Monthly Returns During Presidential Election Years
Do the hopes and fears of presidential elections in the U.S. affect the “normal” seasonal variation in monthly stock market returns? To check, we compare average returns and volatilities (standard deviations of returns) by calendar month for the Dow Jones Industrial Average (DJIA) during years with and without quadrennial U.S. presidential elections. As a robustness check, we also check years with and without biennial U.S. congressional elections. Using monthly closes for the DJIA over the period October 1928 through October 2012 (about 84 years and 20 presidential elections), we find that:
The following chart compares average DJIA returns by calendar month for four subsamples:
- Years during which there is a presidential election (about 20 observations).
- Years during which there is a congressional election (about 41 observations, including presidential election years).
- Years during which there is no presidential election (63 observations).
- Years during which there is no congressional election (42 observations).

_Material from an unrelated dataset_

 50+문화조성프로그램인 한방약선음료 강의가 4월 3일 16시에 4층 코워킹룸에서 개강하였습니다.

The average return for all months over this period is 0.54%. Results suggest that presidential elections may have special effects on January, April, May and August. However, the presidential election subsample is small.

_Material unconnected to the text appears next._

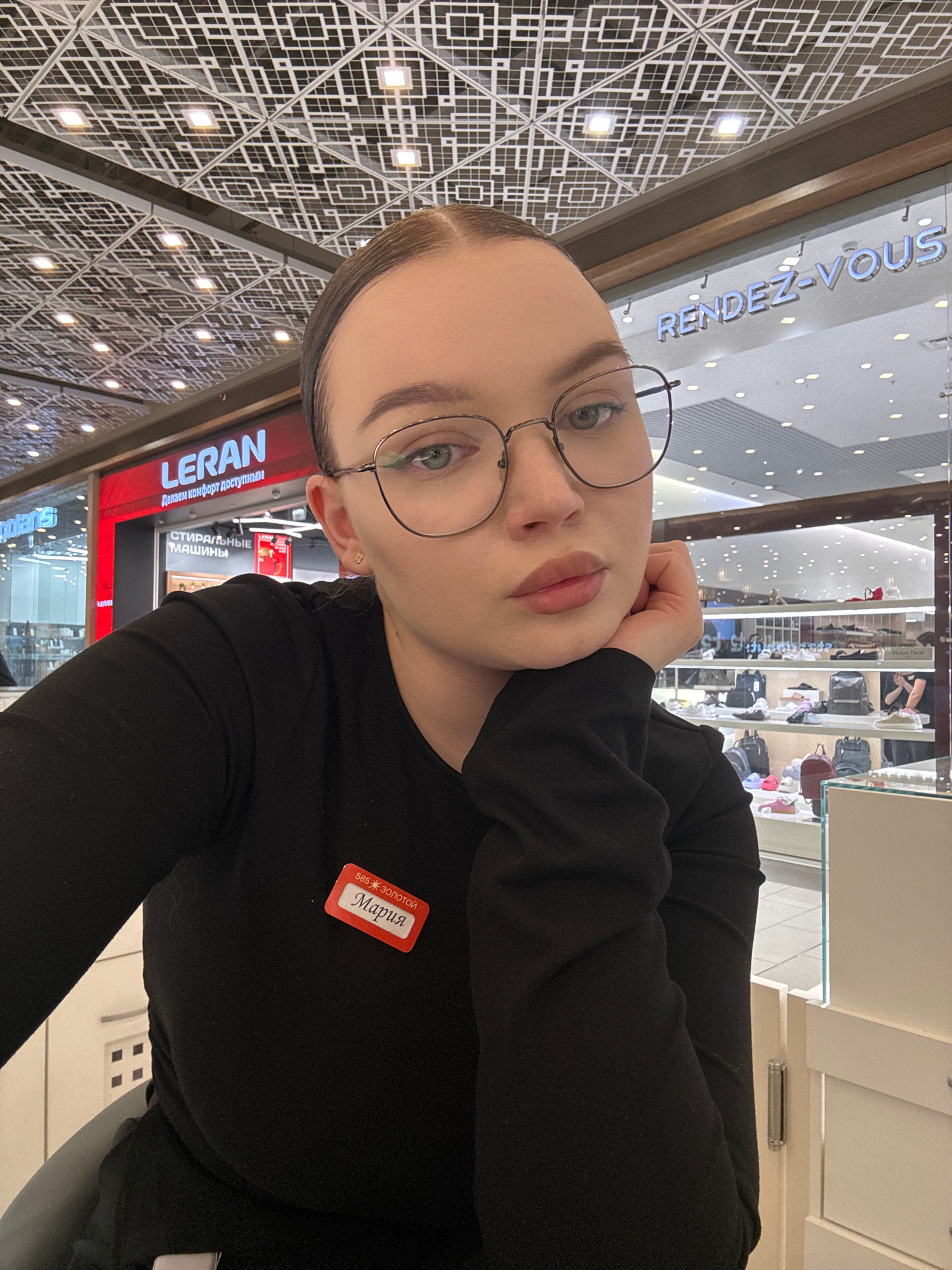 A woman wearing glasses and a black shirt is posing for a selfie in a shopping mall. The woman's name tag reads "Maria 585 Zolotoi". The mall features stores such as "LERAN" and "RENDEZ-VOUS". The sce…read more

What about an effect on stock market volatility by calendar month?
The final chart shows the standard deviations of DJIA returns by calendar month for the same four subsamples. Results suggest elevated stock market volatility during May, July and August, and perhaps, subdued volatility in September. However, as noted, the presidential election subsample is small.
In summary, evidence from simple tests supports some belief that presidential elections introduce some disruptions into typical U.S. stock market seasonality.
Cautions regarding findings include:
- As noted, subsample size is small, limiting reliability of any findings.
- Changes in U.S. political processes and the stock market environment could affect seasonality.